Another important requirement to take into account is the format of the csv file used to launch the function. It could be from three repositories, two publics (NCBI/GEO and ArrayExpress) and one controlled (GDC Portal). Each of these repositories has its own format in the csv file that contains the information to download and process the desired samples. The necessary format for each repository is explained below.
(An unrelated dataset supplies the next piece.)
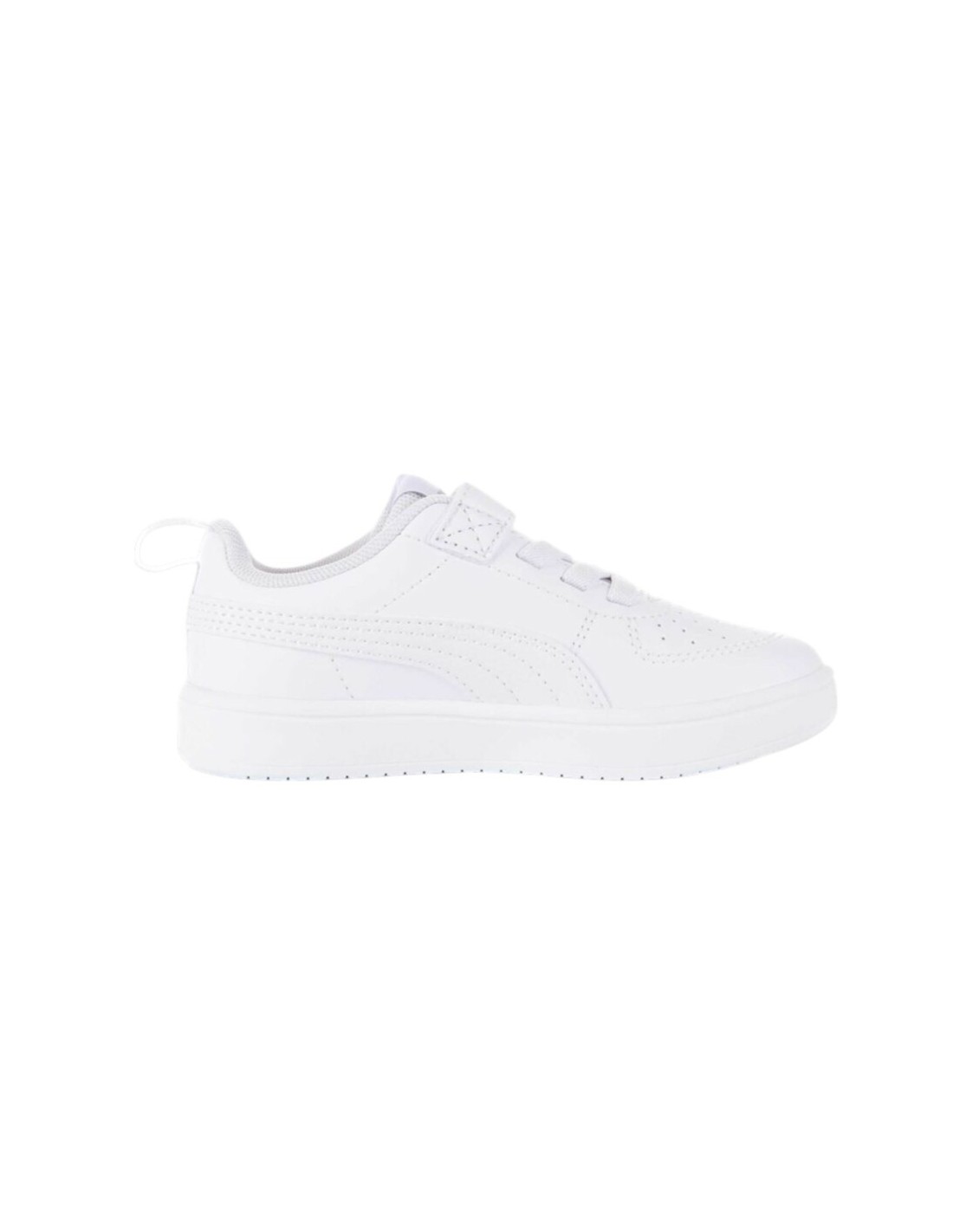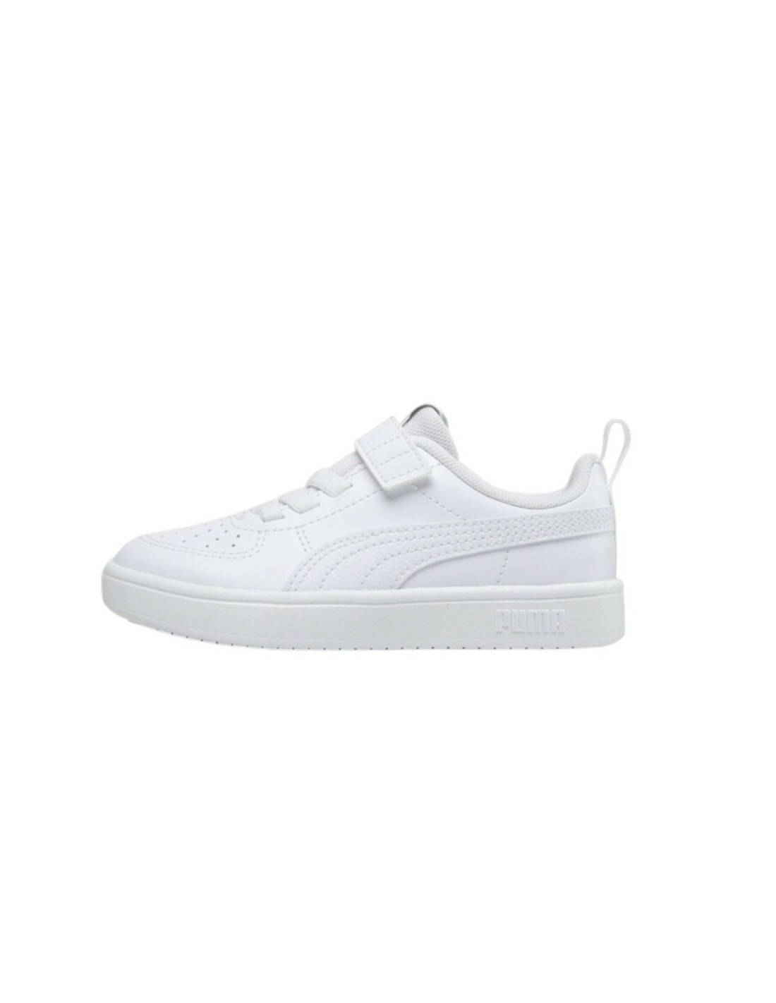 Zapatilla blanca PUMA RICKIE AC+PS white 385836-01 JRDESCRIPCIÓN:Zapatillas blancas para niño/a de la marca Puma. Están confeccionadas con una parte superior de piel sintética y presenta perforaciones en la zona de la puntera. Contiene un tirador en el talón para ponértelas y quitártelas fácilmente. Suela de goma.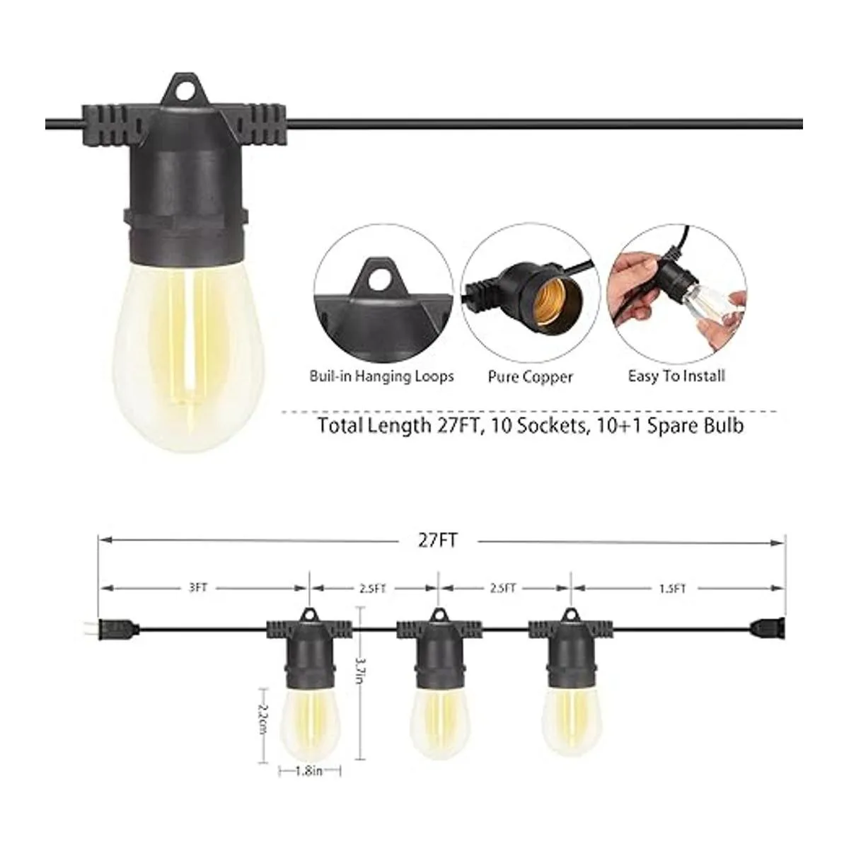 Conectables y fáciles de instalar: Cada serie de luces colgantes para exteriores contiene 10 sockets colgantes basados en E26, provistos de focos LED S14 de 1 W 10. La distancia entre los focos es de aproximadamente 2.5 pies. Se pueden conectar, de extremo a extremo, hasta 34 juegos de estas series de luces Edison, lo que es lo suficientemente largo para todo tipo de actividades. Los lazos colgantes integrados de 0.25 pulgadas son prácticos para usar con ganchos, cables de guía, bridas o clavos de tornillo para colgar perfectamente las series de luces para patios.

Series belonging to RNA-seq have a SRA identifier. If this identifier is clicked, a list with the samples that conform this series is showed. Then, the desired samples of the series can be checked and the CSV is automatically generated by clicking the button shown in the image below:
The previous selection generates a csv files that contains a number of columns with information about the samples. However, running the rawAlignment function only needs the three columns shown below in the csv (although the rest of the columns can be kept):
Run | download_path | LibraryLayout |
---|---|---|
SRR2753177 | sra-download.ncbi.nlm.nih.gov/traces/sra21/SRR/0026… | SINGLE |
SRR2753178 | sra-download.ncbi.nlm.nih.gov/traces/sra21/SRR/0026… | SINGLE |
SRR2753179 | sra-download.ncbi.nlm.nih.gov/traces/sra21/SRR/0026… | SINGLE |
There is another way to obtain this csv automatically by calling the function downloadPublicSeries with the NCBI/GEO GSE ID of the wanted series, but this option does not let the user to choose the wanted samples and downloads all the samples of each selected series.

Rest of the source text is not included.